# Servlets: doGet, doPost und service



## T0M (5. Jun 2007)

Ich möchte ein Servlet schreiben, dass eine gesamte Webseite darstellt und das sich manchmal um Get- und Post-Anfragen kümmern muss, manchmal um beides und manchmal auch um keines davon. Welche Methode überschreibe ich dann, um die Seite anzuzeigen? 
Ich verstehe ehrlichgesagt nichtmal den Unterschied zwischen den drei Funktionen, vom Namen abgesehen erscheinen sie mir völlig gleich. Die Post- und Get-Parameter bekomme ich ja schließlich eh bei allen als HttpServletRequest-Objekt, oder nicht?


----------



## HLX (6. Jun 2007)

Die doGet-Methode wird automatisch dann ausgeführt wenn eine Anfrage über ein HTTP-GET erfolgt, z.B. wenn eine Seite per URL angefordert wird. Die doPost-Methode wird ausgeführt, wenn eine Anfrage über ein HTTP-POST erfolgt, also wenn Formular abgeschickt wird, z.B. per "Submit"-Button.

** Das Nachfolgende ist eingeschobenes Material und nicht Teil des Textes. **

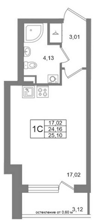 - Площадь24,16 м2

Die Service-Methode sollte nicht überschrieben werden. Sie unterscheidet die einzelnen HTTP-Methoden und ruft entsprechend die doGet, oder die doPost (oder die doHead...) auf.


----------



## T0M (6. Jun 2007)

Danke für deine Antwort, aber ganz klar ist es mir noch nicht. Denn oft sind doch Get- und Post-Anfragen gemischt, welche Methode wird dann aufgerufen? Oder werden beide Aufgerufen, dann wäre es ja ein Fehler, z.B. in der doPost-Methode die doGet-Methode aufzurufen, wie es in manchen Büchern empfohlen wird. 
Wenn ich dich richtig verstanden habe, ist es jedenfalls eine Get-Anfrage, wenn ein Servlet im Browser ohne jegliche Parameter aufgerufen wird?


----------



## HLX (6. Jun 2007)

DoPost und DoGet werden nicht gemischt aufgerufen.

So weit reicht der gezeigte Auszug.